To assess whether Kindlin‐3 contributes to angiogenesis and functional recovery post‐MI, we constructed an AAV9 vector encoding Kindlin‐3 expression, regulated by the Tie2 promote (AAV‐K3) (Figure S2A). A concentration of 1 × 1012 vg/mL was selected and infected into mice 4 weeks before MI via tail vein (Figure S2B). Subsequent analyses showed that AAV‐K3 significantly increased Kindlin‐3 expression in CMECs, with no detectable expression in cardiomyocytes (CMs) (Figure S2C). Echocardiography was performed on mice to evaluate cardiac function. At 28 days post‐MI, AAV‐K3‐treated mice showed improved diastolic and systolic function compared to the AAV‐NC group, as evidenced by increased E/A ratio, EF% and FS% (Figure 2A,B). Additionally, adverse cardiac remodelling caused by MI was alleviated in AAV‐K3‐treated mice, reflected by reduced LVIDd and LVIDs (Figure S3A). As shown in Figure 2C, the number of TUNEL‐positive cardiomyocytes in the border area post‐MI was significantly reduced in AAV‐K3 mice compared to AAV‐NC mice. Consistently, the protein levels of the pro‐apoptotic molecule cleaved caspase‐3 were also lower in the left ventricle of AAV‐K3 mice compared to AAV‐NC mice following MI (Figure 2D). Furthermore, Masson's trichrome staining demonstrated a marked reduction in fibrosis in the AAV‐K3 + MI group compared to the AAV‐NC + MI group (Figure 3A). These findings support the hypothesis that Kindlin‐3 overexpression not only enhances left ventricular (LV) function but also mitigates progressive LV remodelling.

FIGURE 2.

FIGURE 2

Kindlin‐3 treatment improves cardiac function and reduces cardiomyocyte apoptosis in the post‐MI border zone. Kindlin‐3 was administered via the tail vein as described in the Materials and Methods section. (A) The peak early filling to late diastolic ventricular filling velocity (E/A ratio) was used to assess cardiac diastolic function, (B) while ejection fraction (EF%) and fractional shortening (FS%) were used to evaluate cardiac systolic function (n = 6). (C) Representative images of TUNEL and nuclear (DAPI) staining in cardiomyocytes (α‐actinin) from AAV‐NC and AAV‐K3 mice post‐MI or Sham operation, including the remote area (RA) and border area (BA). Arrows indicate TUNEL‐positive (green) cardiomyocyte (red) nuclei (blue; Scale bars = 20 μm; n = 6). (D) Representative Western blot images and quantitative analysis showing the ratio of Cleaved Caspase 3 to Caspase 3 in mice 28 days post‐MI (n = 3). ns, not significant. Data were presented as mean ± SEM. **p < 0.01.

FIGURE 3.

FIGURE 3

Kindlin‐3 promotes angiogenesis in vivo. (A) Representative images of Masson's trichrome staining and quantitative data illustrating the extent of fibrosis in heart sections from the indicated groups (n = 6). Scale bars = 500 μm. (B) Four weeks post‐MI, ventricular tissues were analysed using immunofluorescence staining to evaluate capillary (CD31) and arteriolar density (α‐SMA) in AAV‐NC and AAV‐K3 mice post‐MI or Sham operation, including the remote area (RA) and border area (BA, n = 6). (C) Representative images and quantitative analysis of Western blots demonstrate the expression of angiogenesis‐related proteins in mice 28 days post‐MI (n = 3). Data were presented as mean ± SEM. ns, not significant, *p < 0.05, **p<0.01.

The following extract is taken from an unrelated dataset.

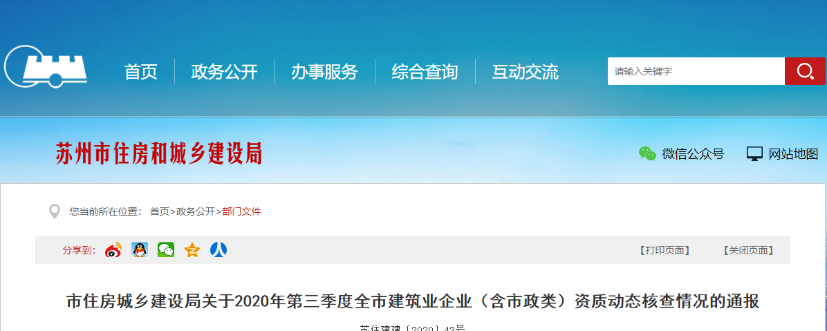 一、蘇州:139家建筑企業(yè)被點(diǎn)名10月30日,蘇州住建局下發(fā)《市住房城鄉(xiāng)建設(shè)局關(guān)于2020年第三季度全市建筑業(yè)企業(yè)(含市政類)資質(zhì)動(dòng)態(tài)核查情況的通報(bào)》蘇住建建〔2020〕43號(hào),提到:

3.3. Kindlin‐3 Enhanced Angiogenesis In Vivo and In Vitro

Angiogenesis plays a crucial role in reducing cell death and fibrosis in ischemic hearts [31]. To assess the impact of Kindlin‐3 on post‐MI angiogenesis, we examined capillary (CD31) and arteriole (α‐SMA) density in MI heart tissue. Immunostaining revealed significantly higher capillary and arteriole density in the border area of AAV‐K3 + MI hearts compared to AAV‐NC + MI hearts 4 weeks post‐MI (Figure 3B). Western blot analysis further confirmed increased levels of angiogenesis‐related proteins, including CD31, VEGF and phosphorylated eNOS (p‐eNOS), in the AAV‐K3 + MI group (Figure 3C). These findings suggest that Kindlin‐3 overexpression promotes angiogenesis after MI.

The upregulation of Kindlin‐3 in CMECs during tube formation suggests its potential role in angiogenesis. Kindlin‐3 expression was modified using overexpression plasmids or siRNA, with transfection efficiency confirmed via Western blot analysis (Figure S4A). Since viability, migration and tube formation are key processes in angiogenesis [32], we performed a series of functional assays. The CCK‐8 assays revealed a significantly increased CMEC viability in the Kindlin‐3 overexpression (K3‐OE) group compared to the vector group after 72 h (Figure 4A). Consistent results were observed in cellular morphological studies (Figure S4B). Additionally, the wound healing assay revealed enhanced CMECs migratory ability in the K3‐OE group (Figure 4B), while matrigel assays confirmed that Kindlin‐3 overexpression significantly enhanced tube formation. Conversely, Kindlin‐3 knockdown impaired these angiogenic processes (Figure 4B). Given the strong regulation of angiogenesis by angiogenic genes [33], we analysed the expression of VEGF, CD31, p‐eNOS and eNOS in CMECs. Following 24 h of Kindlin‐3 overexpression, VEGF, CD31 and p‐eNOS protein levels were upregulated (Figure 4C). In contrast, Kindlin‐3 knockdown reduced the expression of these proteins (Figure 4D). Overall, these findings indicate that Kindlin‐3 promotes angiogenesis in CMECs and may contribute to vascular regeneration following MI.

FIGURE 4.

FIGURE 4

Kindlin‐3 promotes angiogenesis in vitro. (A) Cell viability in CMECs was analysed using the CCK‐8 assay at 0, 24 and 72 h following Kindlin‐3 overexpression or knockdown (n = 3). (B) Scratch assays and tube formation were assessed through representative images and quantitative analysis under conditions of Kindlin‐3 overexpression or knockdown (n = 3). (C) Representative Western blot images and quantitative analysis demonstrating Kindlin‐3 protein levels and angiogenesis‐related protein expression in CMECs following transfection with Kindlin‐3 overexpression plasmids (n = 3). (D) Representative Western blot images and quantitative analysis showing Kindlin‐3 protein levels and angiogenesis‐related protein expression in CMECs after transfection with siRNA targeting Kindlin‐3 (n = 3). Data were presented as mean ± SEM. **p < 0.01.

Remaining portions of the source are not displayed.